Media Watch

Hate-Filled Column Tarnished Group's Name

Letters to the Editor
Atlanta Journal-Constitution

To the Editor:

Michelle Malkin’s hate-filled conspiracy theories about the Anti-Defamation League are so divorced from reality that it’s hard to fathom how her most recent column found its way into The Atlanta Journal-Constitution (“ADL, antifa and Koch equal a toxic anti-Trump league,” Oct. 3). In dismissing this storied, 106-year old civil rights organization — one with deep roots in Atlanta — as “a joke,” Malkin engages in a smear campaign that uses false and long-discredited claims about our organization that nonetheless require refutation.

No, ADL is not a partisan organization. We are not working in concert with leftist groups, nor are we perpetuating hate against political opponents (we are nonpartisan and do not have political opponents). No, we do not lie in bed with violent antifa extremists (in fact, we have issued background reports on Antifa).

And no, our CEO has not taken funds from George Soros (Malkin is toying with common anti-Semitic tropes here). And, no, the white supremacist march in Charlottesville was not used by ADL to fuel a “witch hunt against conservatives.” This claim, like so many others in her piece, is completely devoid of fact.

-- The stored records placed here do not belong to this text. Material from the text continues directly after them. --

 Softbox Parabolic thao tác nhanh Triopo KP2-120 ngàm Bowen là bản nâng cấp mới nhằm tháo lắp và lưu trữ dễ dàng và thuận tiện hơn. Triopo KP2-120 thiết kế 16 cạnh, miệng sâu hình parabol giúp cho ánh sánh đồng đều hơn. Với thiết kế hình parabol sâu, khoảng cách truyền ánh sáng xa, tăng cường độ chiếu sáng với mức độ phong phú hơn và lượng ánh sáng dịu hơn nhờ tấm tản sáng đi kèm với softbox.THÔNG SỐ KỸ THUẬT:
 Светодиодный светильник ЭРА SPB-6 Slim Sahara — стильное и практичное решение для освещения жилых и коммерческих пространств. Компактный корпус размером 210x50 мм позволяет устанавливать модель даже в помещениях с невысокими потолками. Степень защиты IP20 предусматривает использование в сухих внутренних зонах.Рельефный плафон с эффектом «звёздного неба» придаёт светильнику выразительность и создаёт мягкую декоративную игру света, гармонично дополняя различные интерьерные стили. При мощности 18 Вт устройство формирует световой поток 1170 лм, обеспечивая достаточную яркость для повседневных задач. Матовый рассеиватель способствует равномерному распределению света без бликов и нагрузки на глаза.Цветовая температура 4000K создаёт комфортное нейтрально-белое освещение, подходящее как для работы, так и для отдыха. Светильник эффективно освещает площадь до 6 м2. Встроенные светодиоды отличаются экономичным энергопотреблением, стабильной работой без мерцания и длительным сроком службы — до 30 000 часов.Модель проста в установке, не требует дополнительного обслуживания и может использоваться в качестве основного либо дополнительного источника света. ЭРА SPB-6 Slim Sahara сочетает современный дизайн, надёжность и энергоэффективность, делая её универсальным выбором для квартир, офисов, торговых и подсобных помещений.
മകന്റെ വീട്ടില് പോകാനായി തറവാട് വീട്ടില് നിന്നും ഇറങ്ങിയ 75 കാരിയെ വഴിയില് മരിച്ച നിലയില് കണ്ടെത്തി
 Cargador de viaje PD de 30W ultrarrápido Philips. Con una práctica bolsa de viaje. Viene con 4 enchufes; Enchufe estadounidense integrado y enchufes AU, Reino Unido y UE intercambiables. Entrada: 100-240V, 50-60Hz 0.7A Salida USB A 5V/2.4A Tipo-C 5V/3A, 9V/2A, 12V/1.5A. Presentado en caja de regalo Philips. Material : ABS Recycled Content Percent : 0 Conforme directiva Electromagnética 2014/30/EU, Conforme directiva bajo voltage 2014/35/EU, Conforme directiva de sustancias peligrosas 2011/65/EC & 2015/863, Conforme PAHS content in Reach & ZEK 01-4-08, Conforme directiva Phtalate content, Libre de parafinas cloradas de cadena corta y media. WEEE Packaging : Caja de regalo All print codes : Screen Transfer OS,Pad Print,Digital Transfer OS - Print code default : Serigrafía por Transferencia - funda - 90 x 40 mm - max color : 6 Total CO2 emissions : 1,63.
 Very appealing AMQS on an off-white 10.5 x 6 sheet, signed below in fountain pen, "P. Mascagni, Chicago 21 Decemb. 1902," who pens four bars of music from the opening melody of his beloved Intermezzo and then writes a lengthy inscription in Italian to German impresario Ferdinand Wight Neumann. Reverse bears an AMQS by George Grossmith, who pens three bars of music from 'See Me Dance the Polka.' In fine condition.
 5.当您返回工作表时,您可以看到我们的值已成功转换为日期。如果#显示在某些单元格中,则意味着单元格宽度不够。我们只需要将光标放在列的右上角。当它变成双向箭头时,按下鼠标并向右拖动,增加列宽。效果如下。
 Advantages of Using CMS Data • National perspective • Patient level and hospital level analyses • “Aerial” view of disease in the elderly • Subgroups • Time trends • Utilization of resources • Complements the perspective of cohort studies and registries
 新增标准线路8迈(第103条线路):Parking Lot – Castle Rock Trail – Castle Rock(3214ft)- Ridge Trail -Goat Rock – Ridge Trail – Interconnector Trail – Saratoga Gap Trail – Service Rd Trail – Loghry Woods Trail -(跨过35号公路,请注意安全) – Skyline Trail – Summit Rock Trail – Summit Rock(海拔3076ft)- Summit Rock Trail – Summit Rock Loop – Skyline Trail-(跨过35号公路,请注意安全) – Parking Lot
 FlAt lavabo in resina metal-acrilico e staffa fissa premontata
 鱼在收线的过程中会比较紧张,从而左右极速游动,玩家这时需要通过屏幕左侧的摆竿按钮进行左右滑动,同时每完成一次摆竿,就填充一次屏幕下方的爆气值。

Anyone familiar with our work will tell you a much different, real story: How we exposed hate groups who marched in Charlottesville, how we have been on the front lines in finding and stopping hateful extremists from carrying out violent attacks against Jews and other minorities, how we have advocated for hate crime legislation, and how we have brought meaningful educational programs such as No Place for Hate and the A World of Difference Institute into schools across Atlanta and the region. This is the good work we will continue to do, no matter what the haters and bigots say.